Esto significa que en una sociedad de corte neo-liberal, donde el libre mercado se convierte en la bandera para el desarrollo económico, los elementos de la superestructura actuarán para justificar los valores, teorías y marco normativo e institucional que permita la operación y avance de dicho modelo. Así, cuando en América Latina se insertan las recetas del Fondo Monetario Internacional (FMI), que plantean la reducción drástica del control normativo del Estado sobre su economía interna y la sustitución de este papel por la iniciativa privada, ofreciendo garantías para su florecimiento y avance hasta sobre las empresas nacionales, en las universidades (públicas y privadas) se inician el proceso de tecnificación de sus pensa de estudio, con el objetivo de diseñar un currículo que exigía formar, a corto plazo, mano de obra calificada que trabajara en las transnacionales que empezarían a enclavarse de manera directa o por la venta de las principales empresas de nuestros países.

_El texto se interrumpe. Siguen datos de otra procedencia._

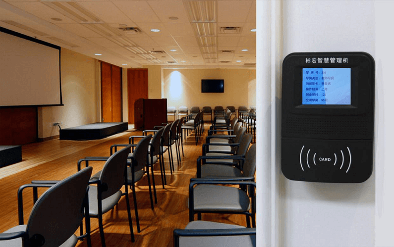 2.自带2.6英寸呼吸屏幕实时显示多媒体教室状态信息、当前操作用户信息及操作结果信息、当前用户本次可用时长、下一预约信息等。

Otras consecuencias se evidenciaron en el recorte significativo de la inversión social o reducción del gasto público (salud, servicios públicos, vivienda y, por supuesto, la educación), la disminución del ingreso a la universidad oficial, la progresiva privatización o pauperización de sus servicios estudiantiles (comedor, transporte, salud, bibliotecas y recursos de estudio, entro otros) y la proliferación significativa de universidades privadas de corte técnico. Estas acciones trajeron como consecuencia que gran parte del pueblo pobre no tuviera acceso a los estudios universitarios, depreciando así el valor de la mano de obra interna, lo que significaba un “ahorro” sustancial para las empresas que, dada la alta necesidad de empleo y el bajo nivel educativo de las mayorías, podían sub-pagar a la población trabajadora.

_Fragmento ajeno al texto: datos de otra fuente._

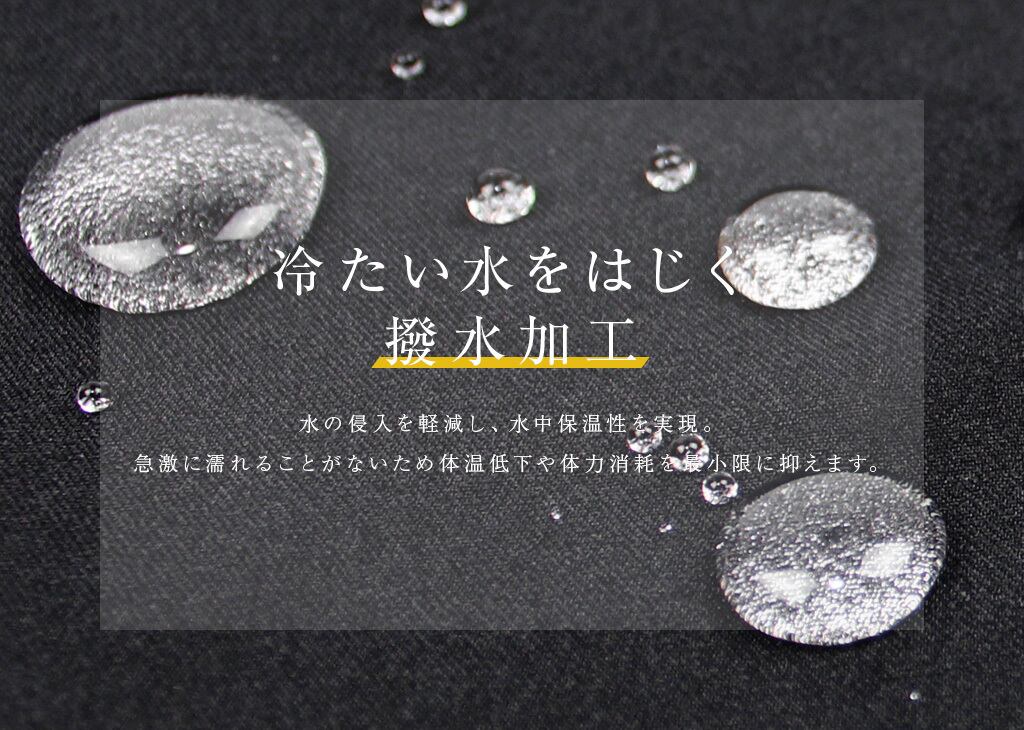 撥水加工により水の侵入を軽減し、水中保温性を実現。急激に濡れることがないため体温低下や体力消耗を最小限に抑えます。

Es evidente que masificar esta perspectiva generaría la indignación de los sectores que, hasta ahora, amparados en el podio del salón de clase, habían actuado como agentes encubiertos de la ideologización neoliberal de nuestra juventud. Es evidente además que la creación de las misiones educativas y nuevas universidades oficiales afecta los bolsillos de los empresarios que ahora deben lidiar con jóvenes formados masivamente para asumir retos profesionales que a meritan una remuneración digna y con amparo legal. Es evidente también que la transformación universitaria en su conjunto, con la inserción de decisiones POLÍTICAS, llevan a hacer de nuestro subsistencia universitario una experiencia encaminada hacia la educación pertinente, soberana, ecológicamente sustentable, con sentido y conciencia de clase, la cual molestaría los planes de quienes en cuarenta años se habían dedicado a la entrega de nuestros talentos y fuerza productiva al capital transnacional.